Three decades after three workers lost their lives during construction of the original Pittsburgh International Airport terminal in the early 1990s, the region has become a recognized leader in job-site safety — thanks to deep collaboration between labor unions, contractors, and project owners.
Those past tragedies motivated the Allegheny County Airport Authority (ACAA) to develop a groundbreaking safety strategy for the new $1.7 billion landside terminal project — a program that has now become an example for the construction industry nationwide.

“We wanted to make sure that everybody went home to their families each and every night on this program,” said Paul Hoback, who led the modernization program as ACAA executive vice president and chief development officer. “We had to make sure that in this construction, safety was paramount."

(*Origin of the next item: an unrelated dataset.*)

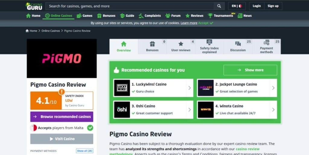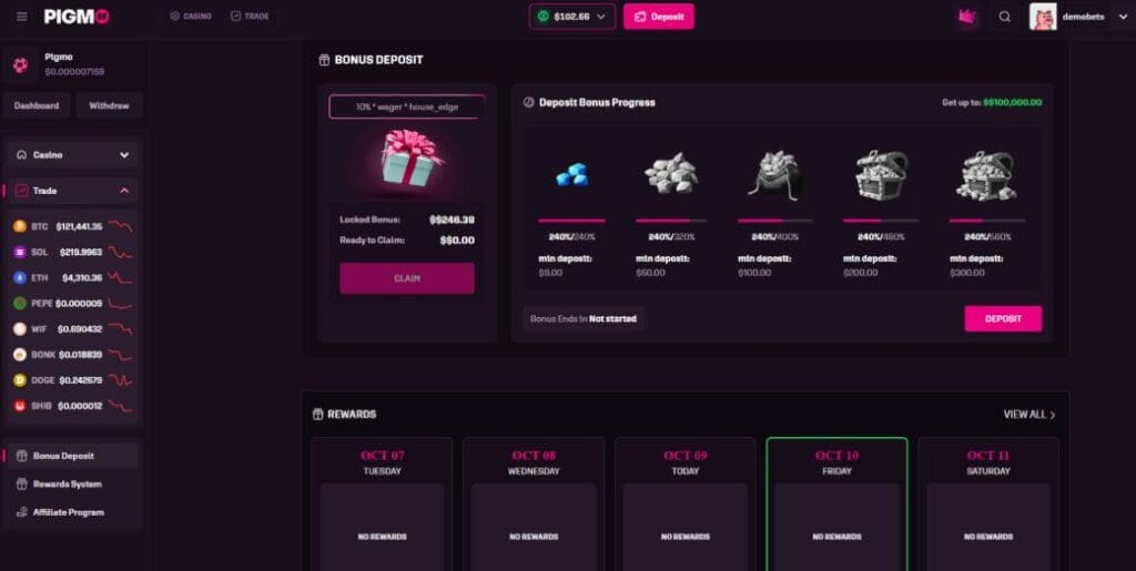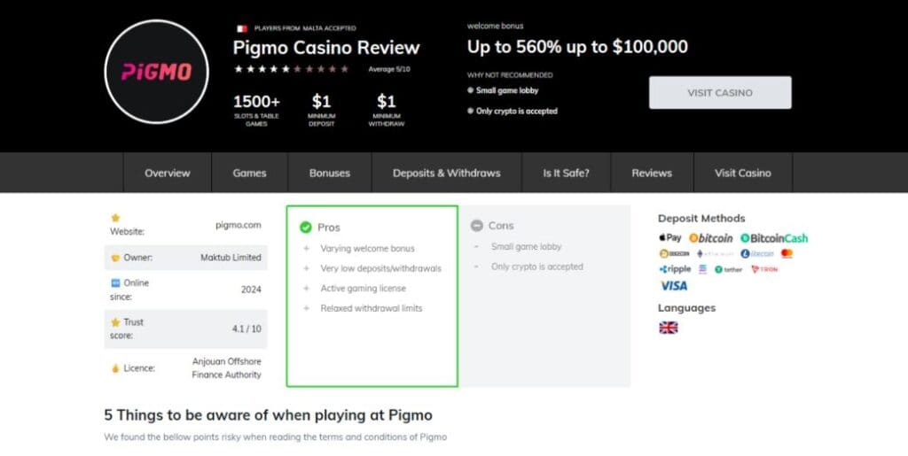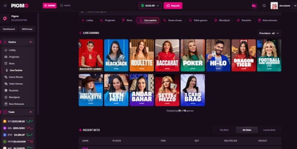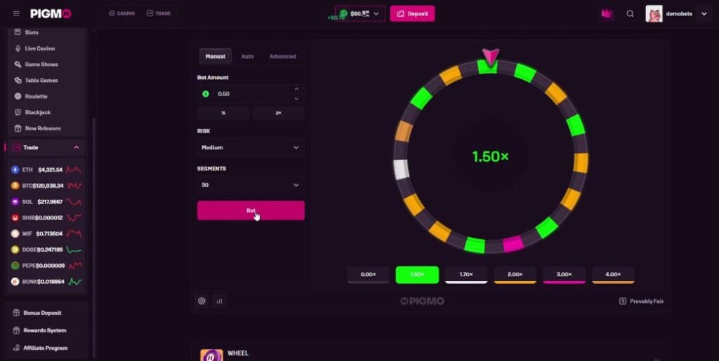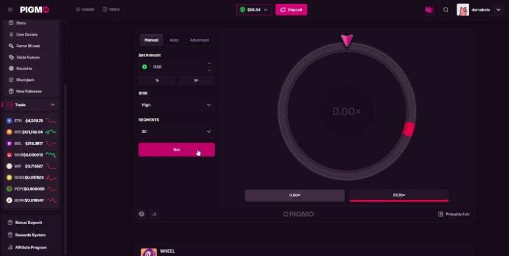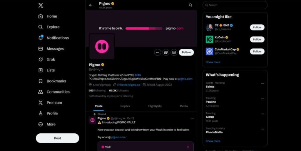 Pigmo has been rolling in the mud since 2023, but its games catalog is still limited and the bonus system is strange – but it does have crypto trading.

Across four years of construction and more than 5,500 workers participating in the project, Hoback says the results speak for themselves. There have been some serious injuries but no fatalities, and he notes: “Our safety metrics are some of the best in the industry.”
Western Pennsylvania has earned a reputation as one of the safest regions in the country for construction workers, driven by a shared belief that safety benefits everyone — from project owners and contractors to workers and communities.
Bob McCall, director of safety for the Master Builders’ Association, said that collaboration is not something every region has.
“The relationship we have with the building trades here is pretty cooperative and understanding. They know if they can help us get more work, then we’re going to employ more people,” McCall explained. “We’re working together because we have that common goal, where in other areas of the country, it’s adversarial.”
Kevin Kelley, founder of Environmental, Health & Safety Solutions, Inc.® (EHSS®), says owners are a crucial part of that success.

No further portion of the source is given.